Pour que l’image soit « narrative », elle doit pouvoir exprimer visuellement à la fois une temporalité et une spatialité spécifiques, espace et temps étant intrinsèquement liés. La perspective géométrique est un concept culturel « inventé » à la Renaissance au point de devenir l’un de ses emblèmes. Si le terme et le concept existent déjà au Moyen âge, ce n’est qu’au XVe siècle que la perspective engendre une réflexion fondamentale sur l’image et acquiert, de ce fait, une dimension véritablement culturelle. La perspective en art étant en effet la projection d’un spectateur dans l’image, par son activité de regard, le sujet dans le sens moderne devient alors à la fois la mesure et l’agent de la représentation.  

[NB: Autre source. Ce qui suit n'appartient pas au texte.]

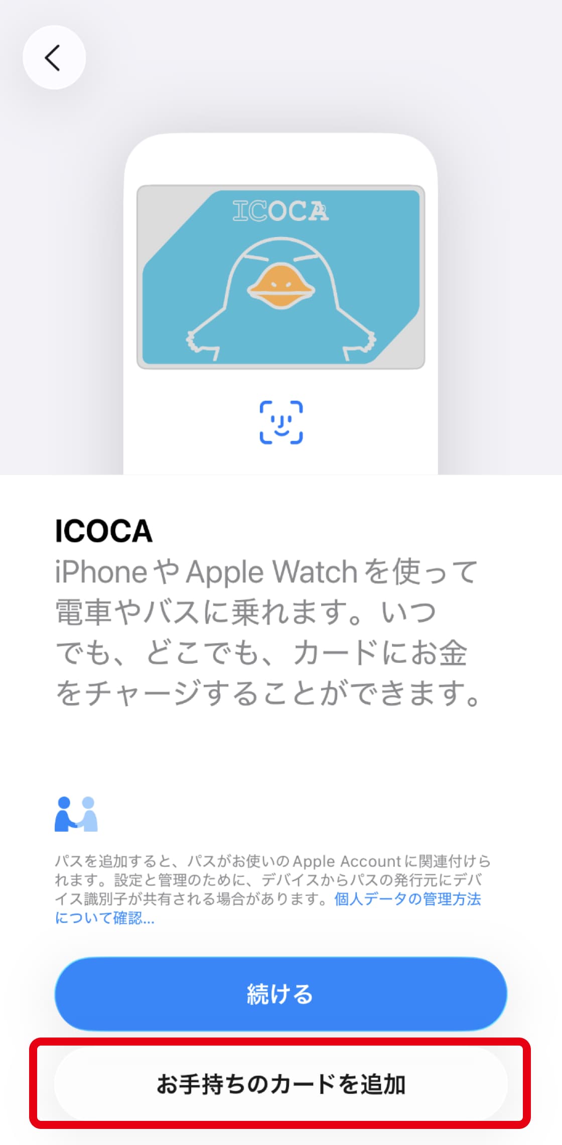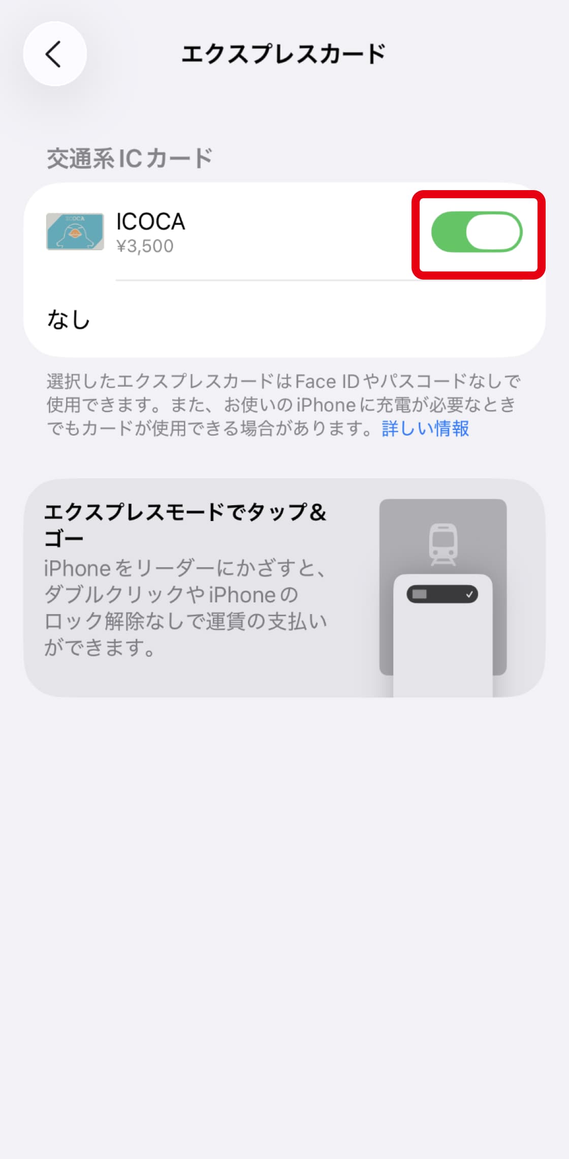 交通系ICカードとして、初めてICOCAをApple Payに追加するとアプリを開かず、Face IDなど無しで利用できる「エクスプレスカード」として自動的に設定されます。機能や設定手順など詳しくはこちらをご確認ください。

Or, la mise au point de la perspective par les artistes et les théoriciens prémodernes – à commencer par Filippo Brunelleschi et Leon Battista Alberti – doit être pensée avec les antécédents historiques mais aussi les alternatives et les détournements de la perspective géométrique par des artistes confrontés à la spécificité des questionnement posés par l’image et ses potentialités narratives. Ce sont ainsi la multiplicité des approches et les solutions aux problèmes de la figuration d’un espace tridimensionnel sur une surface plane qui participent pendant la première modernité à la construction d’une histoire culturelle du regard.